- _REQUIREMENT_
Retype only the lines below from the one with "After a day" to the one with "Alfa Romeo Giulia", inclusive, skipping every image.

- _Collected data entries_
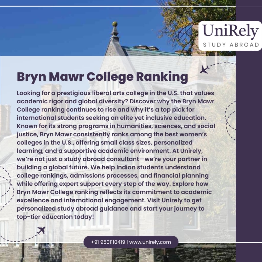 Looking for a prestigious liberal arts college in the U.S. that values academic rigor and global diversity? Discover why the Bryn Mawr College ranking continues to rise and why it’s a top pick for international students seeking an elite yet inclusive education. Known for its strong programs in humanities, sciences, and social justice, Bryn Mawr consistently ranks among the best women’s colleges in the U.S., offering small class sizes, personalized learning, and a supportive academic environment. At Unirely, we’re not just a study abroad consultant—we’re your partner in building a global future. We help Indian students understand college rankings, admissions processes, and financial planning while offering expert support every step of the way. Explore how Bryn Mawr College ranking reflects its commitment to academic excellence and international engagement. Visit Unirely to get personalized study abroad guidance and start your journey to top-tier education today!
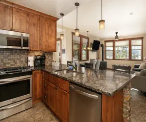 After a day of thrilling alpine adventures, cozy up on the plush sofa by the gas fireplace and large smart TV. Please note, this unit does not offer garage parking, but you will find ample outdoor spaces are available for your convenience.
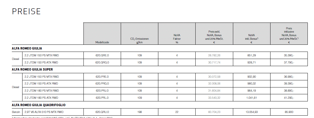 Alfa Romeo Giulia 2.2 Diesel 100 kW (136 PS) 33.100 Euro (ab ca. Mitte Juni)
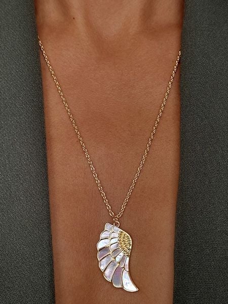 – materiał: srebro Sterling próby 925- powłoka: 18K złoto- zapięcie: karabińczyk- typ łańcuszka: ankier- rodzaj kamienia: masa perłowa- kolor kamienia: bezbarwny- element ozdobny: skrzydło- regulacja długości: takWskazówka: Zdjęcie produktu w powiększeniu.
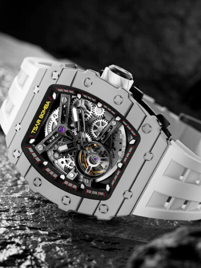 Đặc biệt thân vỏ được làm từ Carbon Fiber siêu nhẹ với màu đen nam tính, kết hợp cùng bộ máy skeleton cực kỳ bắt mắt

- _EXPECTED ANSWER_
 After a day of thrilling alpine adventures, cozy up on the plush sofa by the gas fireplace and large smart TV. Please note, this unit does not offer garage parking, but you will find ample outdoor spaces are available for your convenience.
 Alfa Romeo Giulia 2.2 Diesel 100 kW (136 PS) 33.100 Euro (ab ca. Mitte Juni)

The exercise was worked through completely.